### Task statement
Your output should be the lines below from the one holding "Based on File:YangHui" through the one holding "Closeup of the Wasserkuppe Aviators Monument", transcribed exactly, with no pictures.

### Data in this exercise
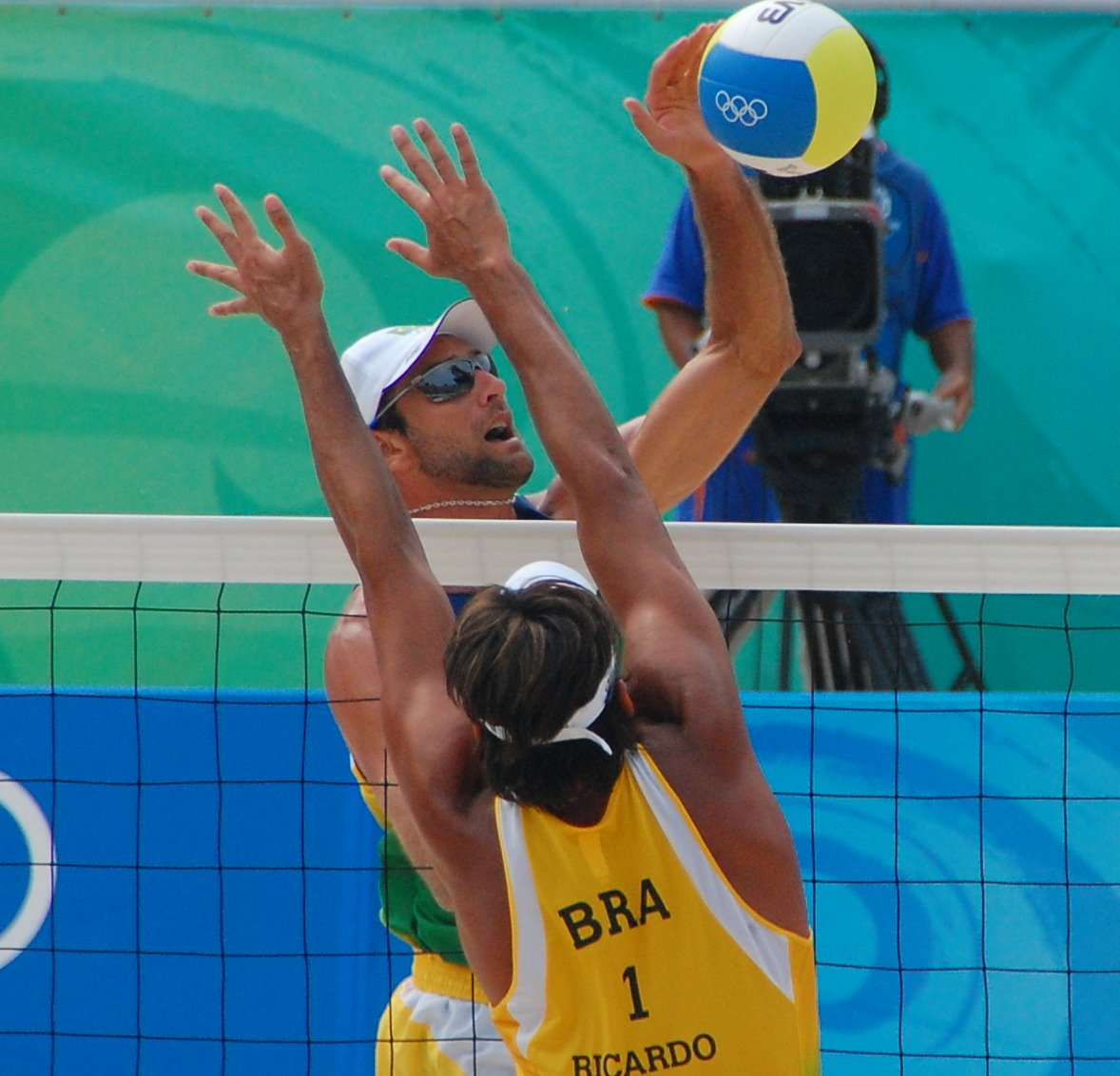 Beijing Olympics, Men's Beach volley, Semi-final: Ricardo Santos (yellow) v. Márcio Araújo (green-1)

==

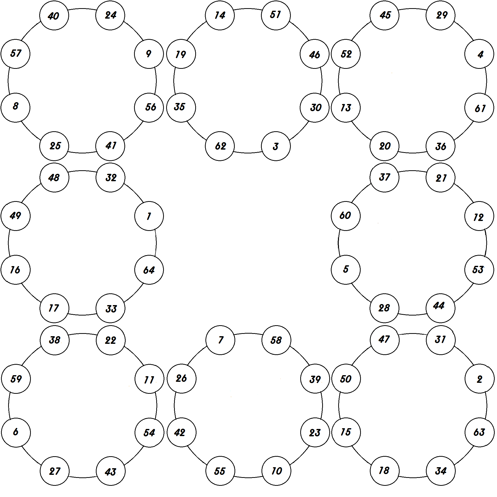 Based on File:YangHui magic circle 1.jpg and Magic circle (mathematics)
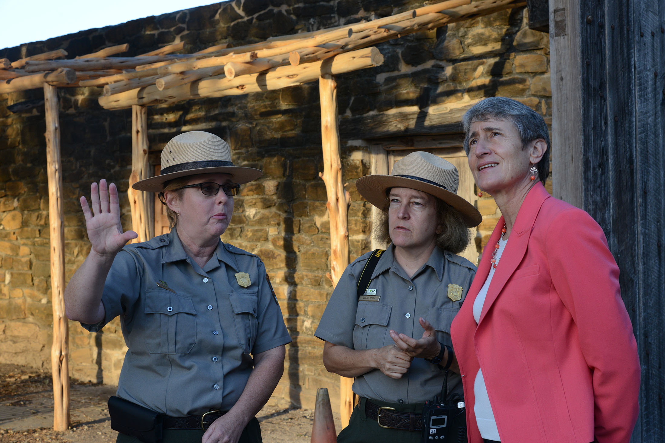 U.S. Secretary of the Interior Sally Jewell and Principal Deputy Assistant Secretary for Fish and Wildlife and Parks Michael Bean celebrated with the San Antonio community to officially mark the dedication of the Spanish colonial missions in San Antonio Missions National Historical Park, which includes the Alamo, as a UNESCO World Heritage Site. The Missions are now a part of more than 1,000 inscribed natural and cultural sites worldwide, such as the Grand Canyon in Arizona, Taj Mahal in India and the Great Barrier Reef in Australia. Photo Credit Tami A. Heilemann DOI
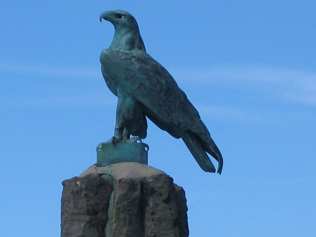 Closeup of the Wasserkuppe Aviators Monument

* * *

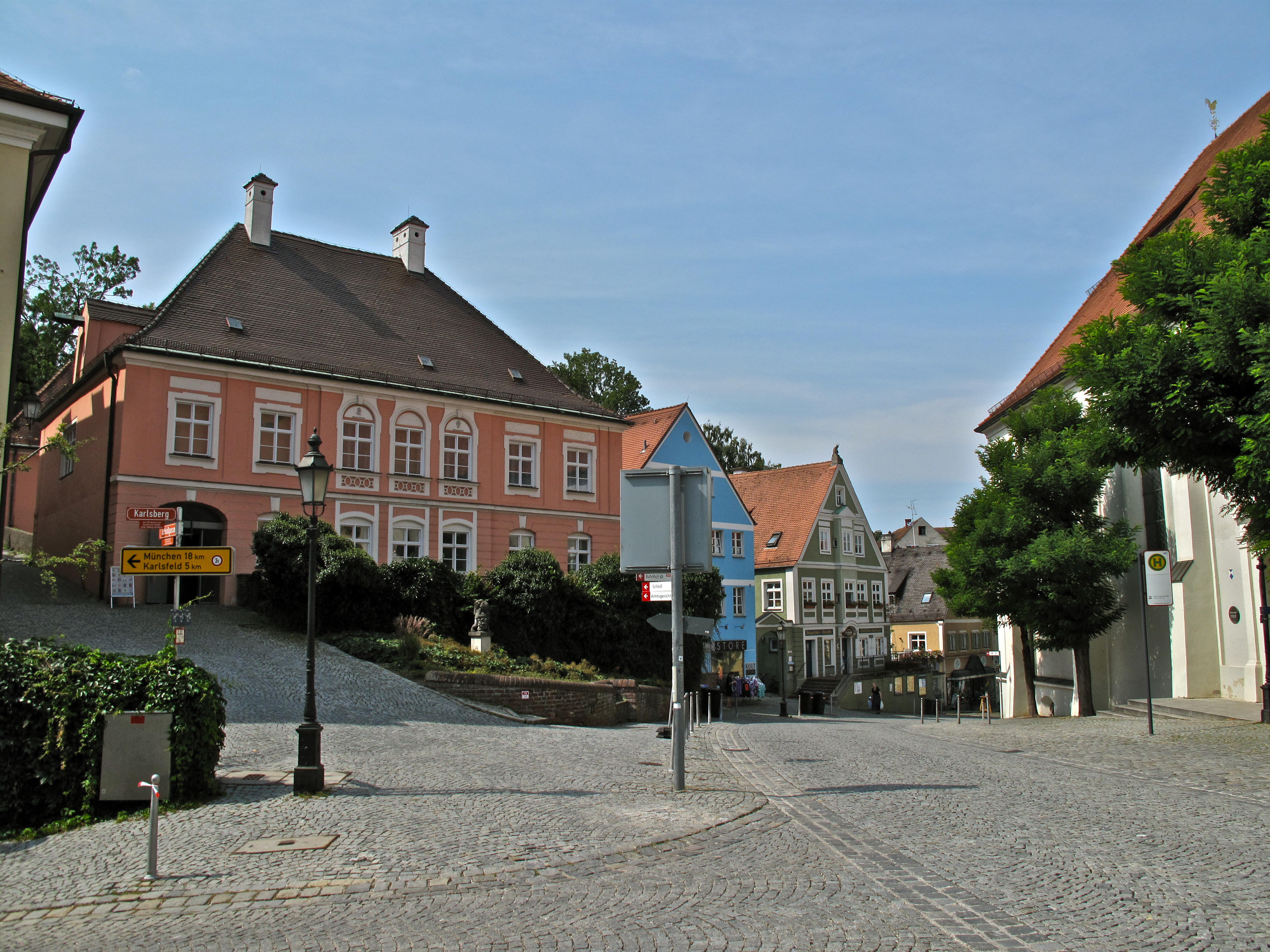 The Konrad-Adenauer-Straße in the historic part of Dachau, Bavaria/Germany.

### Solution to the problem
 Based on File:YangHui magic circle 1.jpg and Magic circle (mathematics)
 U.S. Secretary of the Interior Sally Jewell and Principal Deputy Assistant Secretary for Fish and Wildlife and Parks Michael Bean celebrated with the San Antonio community to officially mark the dedication of the Spanish colonial missions in San Antonio Missions National Historical Park, which includes the Alamo, as a UNESCO World Heritage Site. The Missions are now a part of more than 1,000 inscribed natural and cultural sites worldwide, such as the Grand Canyon in Arizona, Taj Mahal in India and the Great Barrier Reef in Australia. Photo Credit Tami A. Heilemann DOI
 Closeup of the Wasserkuppe Aviators Monument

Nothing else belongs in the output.